» TASK REQUIREMENTS:
The answer is the first line of the listing and every line after it through the one containing "Tanz in den", exact, with pictures removed.

» INPUT DATA:
=======
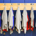 The Jayhawks' practice gear hangs on racks in the practice gym on Friday, Sept. 23, 2016 just after 6 a.m.
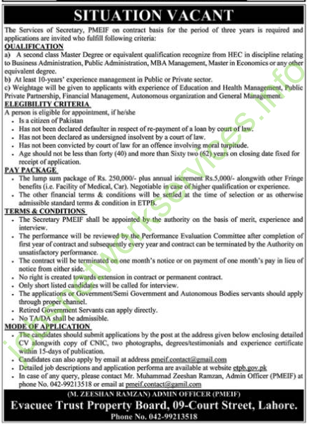The Services of Secretary, PMEIF on contract basis for the period of three years is required and applications are invited who fulfill following criteria:
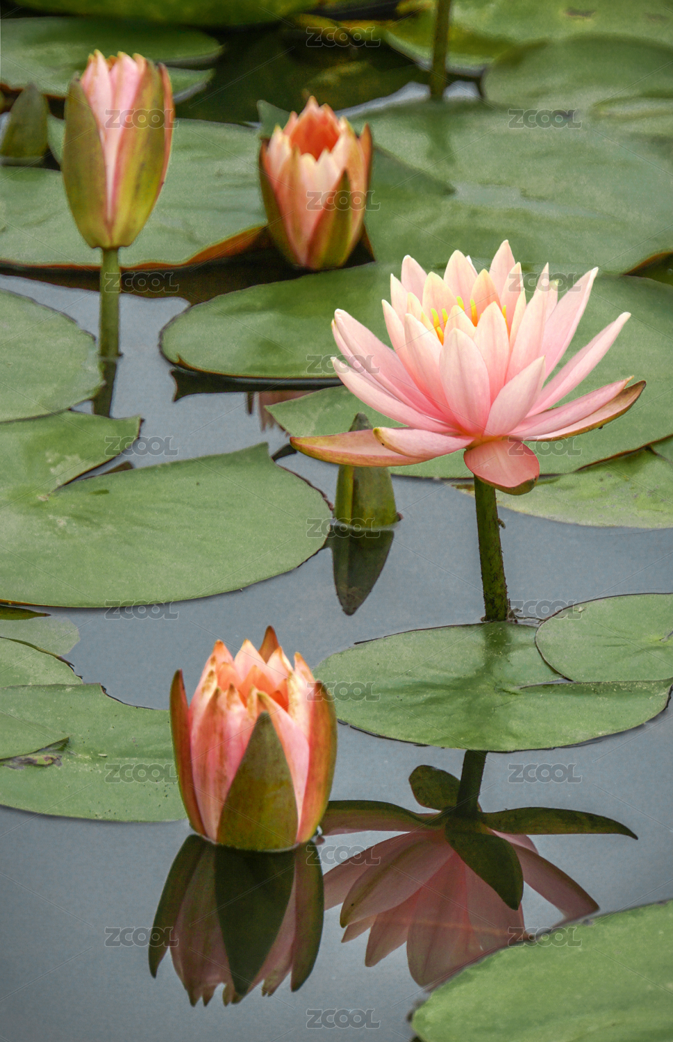 夏日早晨盛开的睡莲花
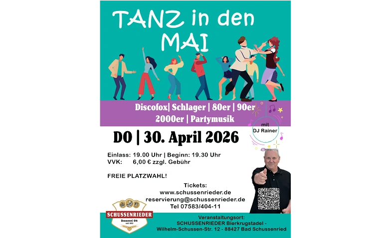 Tanz in den Mai – die Tanzparty im SCHUSSENRIEDER Bierkrugstadel Schlager, Discofox, 80er, 90er, 2000er
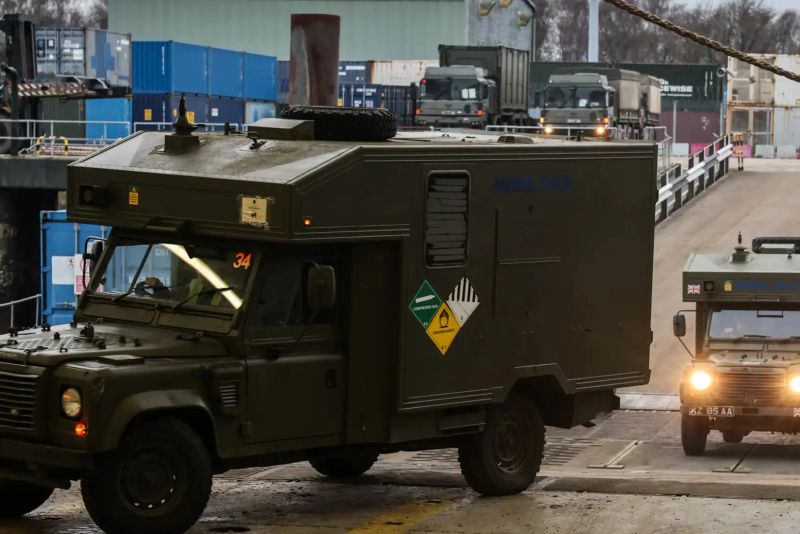 În total, 730 de vehicule militare au fost încărcate la bordul a trei feriboturi la Sea Mounting Centre din Marchwood, Hampshire, înaintea exercițiului Steadfast Dart 25, ce are scopul de a prezenta capacitatea NATO de mobilizare rapidă în toată Europa.
=======
» REPLY TO THE TASK:
 The Jayhawks' practice gear hangs on racks in the practice gym on Friday, Sept. 23, 2016 just after 6 a.m.
The Services of Secretary, PMEIF on contract basis for the period of three years is required and applications are invited who fulfill following criteria:
 夏日早晨盛开的睡莲花
 Tanz in den Mai – die Tanzparty im SCHUSSENRIEDER Bierkrugstadel Schlager, Discofox, 80er, 90er, 2000er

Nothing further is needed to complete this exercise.